Au fond de cette première cour s’élève un second pylône, décoré de figures colossales sculptées, comme partout ailleurs, de relief dans le creux ; celles-ci rappellent les triomphes de Rhamsès-Méiamoun dans la IXe année de son règne. Le roi, la tête surmontée des insignes du fils aîné d’Ammon, entre dans le temple d’Amon-Ra et de la déesse Mouth, conduisant trois colonnes de prisonniers de guerre, imberbes, et enchaînés dans diverses positions : ces nations, appartenant à une même race, sont nommées Schakalascha, Taônaou et Pourosato. Plusieurs voyageurs, examinant les physionomies et le costume de ces captifs, ont cru reconnaître en eux des peuples Hindous. Sur le massif de droite de ce pylône existait une énorme inscription, aujourd’hui détruite aux trois quarts par des fractures et des excavations. J’ai vu, par ce qui en subsiste encore, qu’elle était relative à l’expédition contre les Schakalascha, les Fekkaro, les Pourosato, les Taônaou et les Ouschascha. Il y est aussi question des contrées d’Aumôr et d’Oreksa, ainsi que d’une bataille navale.

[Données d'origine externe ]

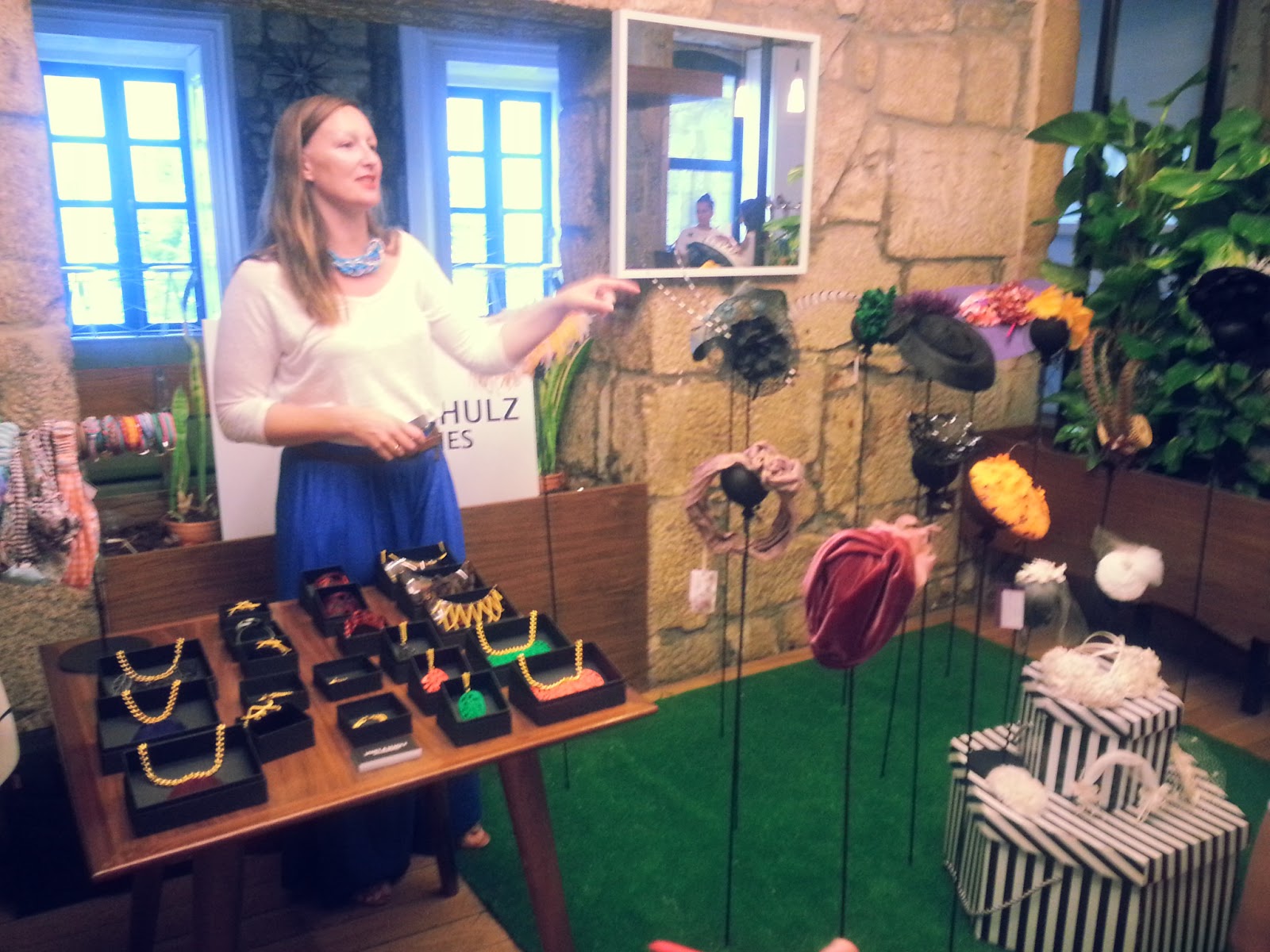 Janet Schulz conocida por ser la creadora de la famosa pulsera de la Eurocopa. Nos mostró sus diseños; collares, pulseras y una maravillosa colección de tocados. Todos los tocados con los que salimos en las fotos son suyos.

Une magnifique porte en granit rose unit les deux massifs du second pylône. Des tableaux d’adoration aux diverses formes d’Amon-Ra et de Phtah en décorent les jambages, au bas desquels on lit deux inscriptions dédicatoires attestant que Rhamsès-Méiamoun a consacré cette grande porte en belle pierre de granit, à son père Amon-Ra, et qu’enfin les battants ont été si richement ornés de métaux précieux, qu’Ammon lui-même se réjouit en les contemplant.

On se trouve, après avoir franchi cette porte, dans la seconde cour du palais, où la grandeur pharaonique se montre dans tout son éclat : la vue seule peut donner une idée du majestueux effet de ce péristyle, soutenu à l’est et à l’ouest par d’énormes colonnades, au nord par des piliers contre lesquels s’appuient des cariatides, derrière lesquels se montre une seconde colonnade. Tout est chargé de sculptures revêtues de couleurs très-brillantes encore : c’est ici qu’il faut envoyer, pour les convertir, les ennemis systématiques de l’architecture peinte.

Les parois des quatre galeries de cette cour conservent toutes leurs décorations : de grands et vastes tableaux sculptés et peints appellent de toute part la curiosité des voyageurs. L’œil se repose sur le bel azur des plafonds ornés d’étoiles de couleur jaune doré ; mais l’importance et la variété des scènes reproduites par le ciseau absorbent bientôt toute l’attention. Quatre tableaux formant le registre inférieur de la galerie de l’Est côté gauche, et une partie de la galerie Sud, retracent les principales circonstances d’une guerre de Rhamsès-Méiamoun contre des peuples asiatiques nommés Robou, teint clair, nez aquilin, longue barbe, couverts d’une grande tunique et d’un surtout transversalement rayé bleu et blanc ; ce costume est tout-à-fait analogue à celui des Assyriens et des Mèdes figurés, sur les cylindres dits babyloniens ou persépolitains.

1er Tableau. Grande bataille : le héros égyptien, debout sur un char lancé au galop, décoche des flèches contre une foule d’ennemis fuyant dans le plus grand désordre. On aperçoit sur le premier plan les chefs égyptiens montés sur des chars, et leurs soldats entremêlés à des alliés, les Fekkaro, massacrant les Robou épouvantés, ou les liant comme prisonniers de guerre. Ce tableau seul contient plus de cent figures en pied, sans compter les chevaux.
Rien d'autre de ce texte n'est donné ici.